Sometimes I wonder why I love dogs so much, especially when they are nothing like me! After all, I don’t love chasing after frisbees, I don’t try to eat my own vomit and I don’t think squirrels are the bane of my existence. But dogs truly have an unwavering love for us as the people who care for them. My Clara no doubt agrees with Lin-Manuel Miranda in that “Love is love is love is love is love.” She doesn’t ask me where I’ve been or where I’m going. She doesn’t judge me or my family for any decisions we’ve made. She has no idea where we stand politically and she doesn’t care about my age, race, weight, or any other biases or boxes people tend to immediately check.

She just knows the feeling of love and how to love. What better lesson to teach the little people we are raising?
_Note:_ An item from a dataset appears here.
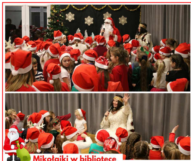
Mikołajki w bibliotece

Dokładnie 6 grudnia o godzinie 17:00 dzieci tłumnie umościły się na dywanie, przepięknie ubrane z dominacją koloru czerwonego i pełne radości, ale też wyczekiwania co też się zaraz wydarzy. Najpierw otrzymały czerwone mikołajkowe czapeczki, bo przecież każdy z nas może być Mikołajem. Kolejnym punktem było przedstawienie w wykonaniu teatryku KRAK - ART. Na scenie pojawił się doktor Dolittle i jego zwierzęta. Mali widzowie bardzo chętnie angażowali się w pomaganie doktorowi i leczenie zwierząt. Ale oczekiwanie na Mikołaja dawało o sobie znać i najmłodszy nie mogli usiedzieć na miejscu mimo piosenek i zabaw. W końcu rozległo się głośne hurra! Przybył Mikołaj! Zajął zaszczytne miejsce przy bibliotecznym kominku i z każdym dzieckiem chciał porozma-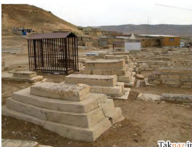
تصویر ۵.

در برخی نقاط کشور مقبره‌ها شکل و شمایل بسیار متفاوتی دارند. «سنگ قبرهایی برافراشته و به شکل مجسمه که برخی مورخان شکل و شمایل آن‌ها را مربوط به دوران چنگیزخان مغول و مرتبط با رسوم آن‌ها می‌دانند. به این مقبره‌ها اصطلاحاً «سنگ افراشته» می‌گویند. در استان گلستان، شهرستان کلالة و در نزدیکی زیارتگاه خالدنبی و همچنین در منطقه «باخرز» از توابع استان خراسان، قبرستان‌های متعددی در روستاها دیده می‌شوند که دارای سنگ افراشته هستند. در شهر تبریز و در حدود شش کیلومتری باغ «ایل‌گلی»، در روستایی که نامش «پینه‌شلوار» است، قبرستانی وجود دارد که چند قبر با سنگ افراشته بدون کتیبه و شبیه به آن‌چه در خالدنبی وجود دارد در آن دیده می‌شود. در استان لرستان نیز قبرستان‌های بسیاری در روستاها دیده می‌شوند که دارای سنگ افراشته هستند. نام یکی از این روستاها، «ابوالوفا» است که در نزدیکی «کوه‌دشت» واقع شده است. سنگ افراشته‌های این قبرستان چهار وجهی و هرمی شکل هستند و در هر وجه آن نوشته‌ها و نقوش بسیار زیبا و معناداری دیده می‌شوند. در نزدیکی مرز میان استان ایلام و کرمانشاه، شهری به نام «شاه‌بداغ» وجود دارد که جزو استان کرمانشاه محسوب می‌شود و در آن یک قبرستان با سنگ‌های افراشته وجود دارد، همچنین در استان کرمانشاه و در مسیر «ریجاب» به «بابا یادگار» قبرستانی هست با سنگ‌های افراشته‌ی چهار وجهی و در حدود دو متر که آجرچینی و سنگ‌چینی شده‌اند.» (www.taknaz.ir). (تصاویر ۶ و ۷)

For Christmas my in-laws gave me a day-by-day calendar about the lessons dogs teach us. One of the days quoted the Dalai Lama saying “If you want others to be happy, practice compassion. If you want to be happy, practice compassion.” Through taking care of Clara, my daughter is absolutely the most compassionate person I know. She lives to fill up Clara’s water bowl. If we are playing in her room, she will spread blankets out and make a comfy spot for Clara. And when Clara lies there Olivia is the happiest clam in the room. My son thinks that when Clara catches the frisbee he threw for her, it’s the best thing in the world too. He loves to walk her up the “monster” hill in our neighborhood. They’re six, so it’s not always easy (heck, it’s not even easy for my 37-year-old self), but on our better days we learn that it can’t always be all about us when we have a four legged, needy creature in our house to take care of too.

Over the years, our dogs have taught us that there is always forgiveness.

That sometimes less is more. Life can be all about the snuggles. The time you enjoy wasting is not wasted time (that’s a really hard one for me). That sometimes all you have to do is sit with someone. That sometimes we just want to be needed. That playing and being silly or crazy is essential to every day. That it is ok to not want to do what everyone else is doing. And at the end of the day, you just have to be you.

Most of the time when I’m lying in bed at night trying to fall asleep and counting my regrets, I wonder if I completely ruined my kids that day. Did I play with them enough? Was I too quick to choose anger because I had a long day? Did I tell them that I love them enough? Are we doing too many activities? Are we not doing enough activities? Did I find out enough from their day at school? And then Clara cuddles in close and I think, “Well, maybe they learned something good from the dog today.”